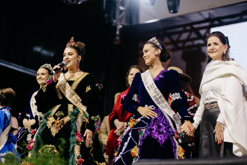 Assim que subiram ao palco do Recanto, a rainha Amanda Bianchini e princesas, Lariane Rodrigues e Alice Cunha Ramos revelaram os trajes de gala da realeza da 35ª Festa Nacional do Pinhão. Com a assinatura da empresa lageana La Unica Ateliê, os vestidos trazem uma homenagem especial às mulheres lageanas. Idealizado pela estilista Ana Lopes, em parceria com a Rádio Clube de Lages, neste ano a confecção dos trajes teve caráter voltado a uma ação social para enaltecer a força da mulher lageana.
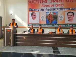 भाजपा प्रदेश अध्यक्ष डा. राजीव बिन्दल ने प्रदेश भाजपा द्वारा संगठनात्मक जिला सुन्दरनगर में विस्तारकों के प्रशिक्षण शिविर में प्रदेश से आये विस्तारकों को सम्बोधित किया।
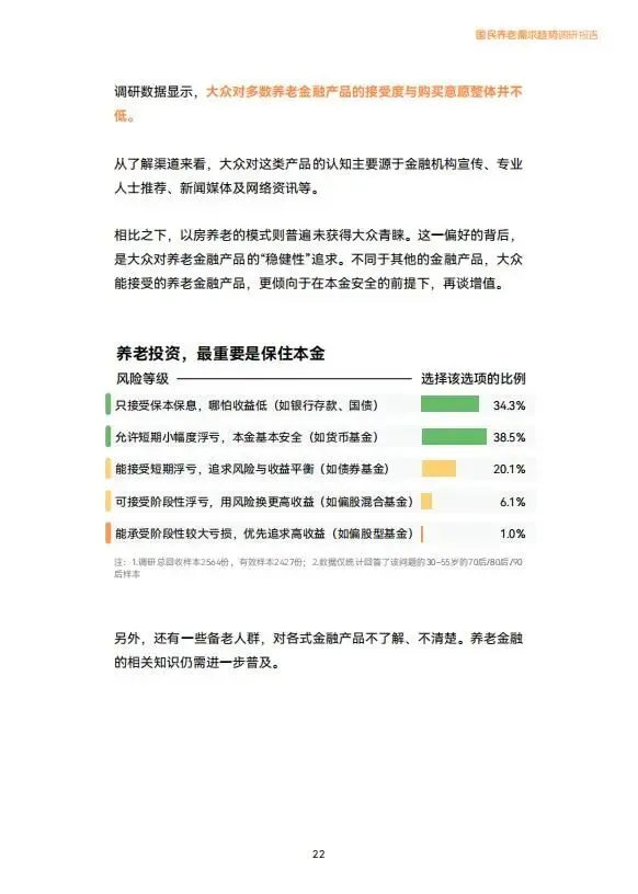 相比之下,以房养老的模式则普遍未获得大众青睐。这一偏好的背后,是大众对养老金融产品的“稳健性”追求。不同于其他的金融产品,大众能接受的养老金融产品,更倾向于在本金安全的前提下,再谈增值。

...

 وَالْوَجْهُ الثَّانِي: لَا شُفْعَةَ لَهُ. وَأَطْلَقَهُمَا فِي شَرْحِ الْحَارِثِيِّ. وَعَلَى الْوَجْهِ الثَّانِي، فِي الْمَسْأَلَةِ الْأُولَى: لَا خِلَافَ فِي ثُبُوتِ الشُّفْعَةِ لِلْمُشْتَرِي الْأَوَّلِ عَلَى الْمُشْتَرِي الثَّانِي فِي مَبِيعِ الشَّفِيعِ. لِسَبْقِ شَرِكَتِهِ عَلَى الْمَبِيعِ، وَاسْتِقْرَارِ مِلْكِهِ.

> **Problem to work on**:
Take the material above and output only the lines from the one that contains "Assim que subiram" through the one that contains "相比之下,以房养老的模式则普", ends included and images left out.

> **Answer space**:
 Assim que subiram ao palco do Recanto, a rainha Amanda Bianchini e princesas, Lariane Rodrigues e Alice Cunha Ramos revelaram os trajes de gala da realeza da 35ª Festa Nacional do Pinhão. Com a assinatura da empresa lageana La Unica Ateliê, os vestidos trazem uma homenagem especial às mulheres lageanas. Idealizado pela estilista Ana Lopes, em parceria com a Rádio Clube de Lages, neste ano a confecção dos trajes teve caráter voltado a uma ação social para enaltecer a força da mulher lageana.
 भाजपा प्रदेश अध्यक्ष डा. राजीव बिन्दल ने प्रदेश भाजपा द्वारा संगठनात्मक जिला सुन्दरनगर में विस्तारकों के प्रशिक्षण शिविर में प्रदेश से आये विस्तारकों को सम्बोधित किया।
 相比之下,以房养老的模式则普遍未获得大众青睐。这一偏好的背后,是大众对养老金融产品的“稳健性”追求。不同于其他的金融产品,大众能接受的养老金融产品,更倾向于在本金安全的前提下,再谈增值。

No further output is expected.